---------- Material for this task

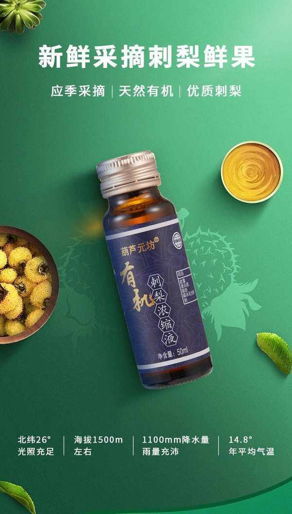 也正是因为刺梨的好处被越来越多人所研究证实,贵州省近些年在刺梨产业上投入了不小的精力,同时与各大相关部门合作,把刺梨产业打造成为生态、健康、时尚的新产业。也正是有了政策的加持,葫芦元坊也顺势推出了有机刺梨浓缩液。
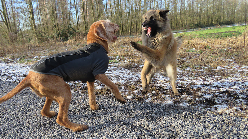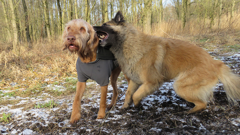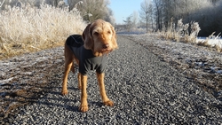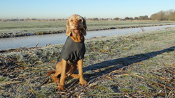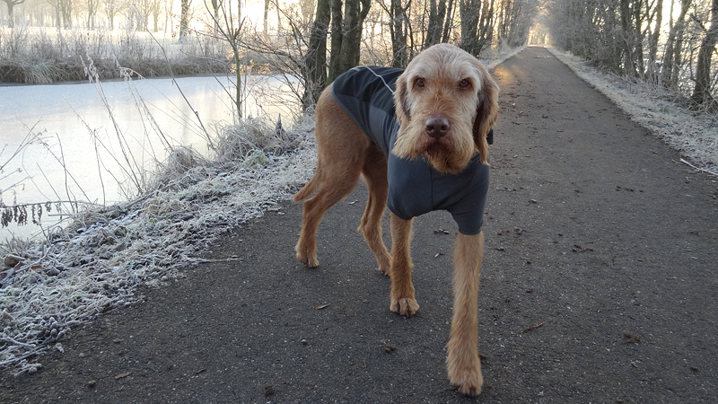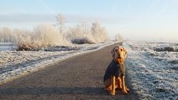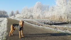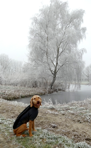 Ik kijk tevreden om me heen naar al het moois tijdens het lopen. Wafje doet het ook prima. Links van me zijn witte bomen met rijp, rechts van me komt de zon op. Een prachtige dag dus! Eigenlijk weer een dag om heel lang te lopen maar ja, wat is nou wijsheid? Ik merk nergens wat van en ook woefje lijkt het geen bal uit te maken of we nou 15 of 20 km lopen. Voorlopig loop ik dus maar even lekker door.
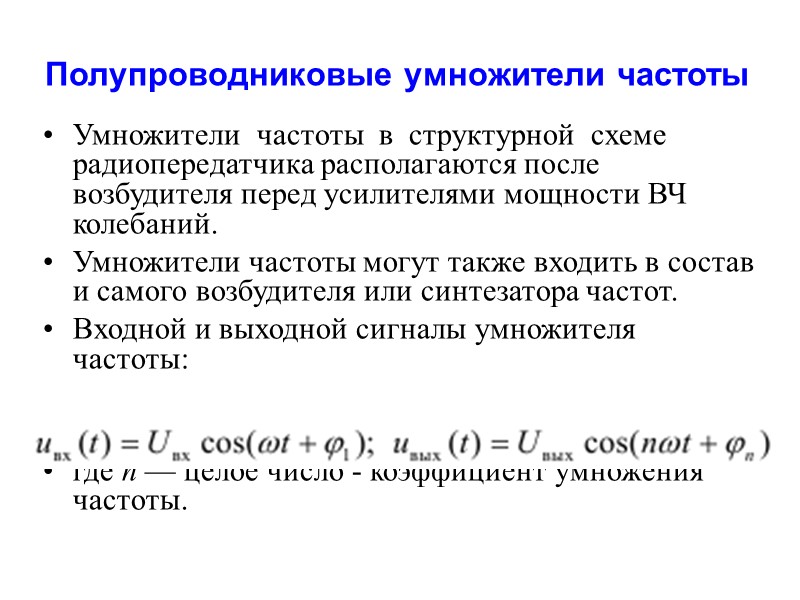 Полупроводниковые умножители частоты Умножители частоты в структурной схеме радиопередатчика располагаются после возбудителя перед усилителями мощности ВЧ колебаний. Умножители частоты могут также входить в состав и самого возбудителя или синтезатора частот. Входной и выходной сигналы умножителя частоты: где n — целое число - коэффициент умножения частоты.
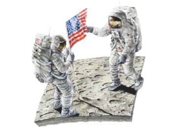 First words from the Moon to the Earth relayed by a Motorola transponder.
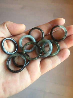 100% natural type A ice watery dark green/gray/black(冰油青) jadeite jade band ring AU83
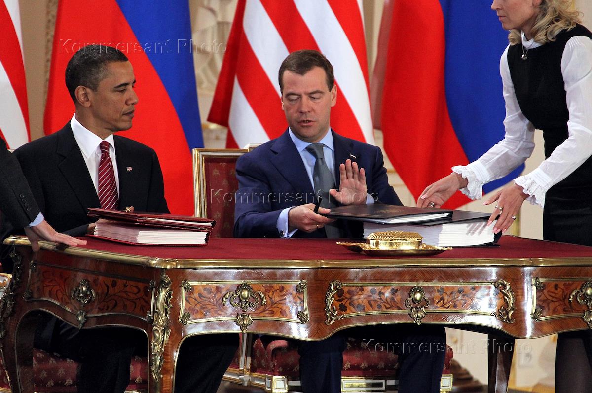 Президент США Барак Обама (слева) и президент России Дмитрий Медведев (справа) во время церемонии подписания "Договора о мерах по дальнейшему сокращению и ограничению стратегических наступательных вооружений (СНВ)". Церемония прошла в Испанском зале резиденции президента Чехии в Пражском Граде.

--------------------

- [Exercise requirements]:
Leaving out the pictures, restate each line of the listing above verbatim, from the opening line to the line bearing "First words from", inclusive, and no more.

- [Result for this task]:
 也正是因为刺梨的好处被越来越多人所研究证实,贵州省近些年在刺梨产业上投入了不小的精力,同时与各大相关部门合作,把刺梨产业打造成为生态、健康、时尚的新产业。也正是有了政策的加持,葫芦元坊也顺势推出了有机刺梨浓缩液。
 Ik kijk tevreden om me heen naar al het moois tijdens het lopen. Wafje doet het ook prima. Links van me zijn witte bomen met rijp, rechts van me komt de zon op. Een prachtige dag dus! Eigenlijk weer een dag om heel lang te lopen maar ja, wat is nou wijsheid? Ik merk nergens wat van en ook woefje lijkt het geen bal uit te maken of we nou 15 of 20 km lopen. Voorlopig loop ik dus maar even lekker door.
 Полупроводниковые умножители частоты Умножители частоты в структурной схеме радиопередатчика располагаются после возбудителя перед усилителями мощности ВЧ колебаний. Умножители частоты могут также входить в состав и самого возбудителя или синтезатора частот. Входной и выходной сигналы умножителя частоты: где n — целое число - коэффициент умножения частоты.
 First words from the Moon to the Earth relayed by a Motorola transponder.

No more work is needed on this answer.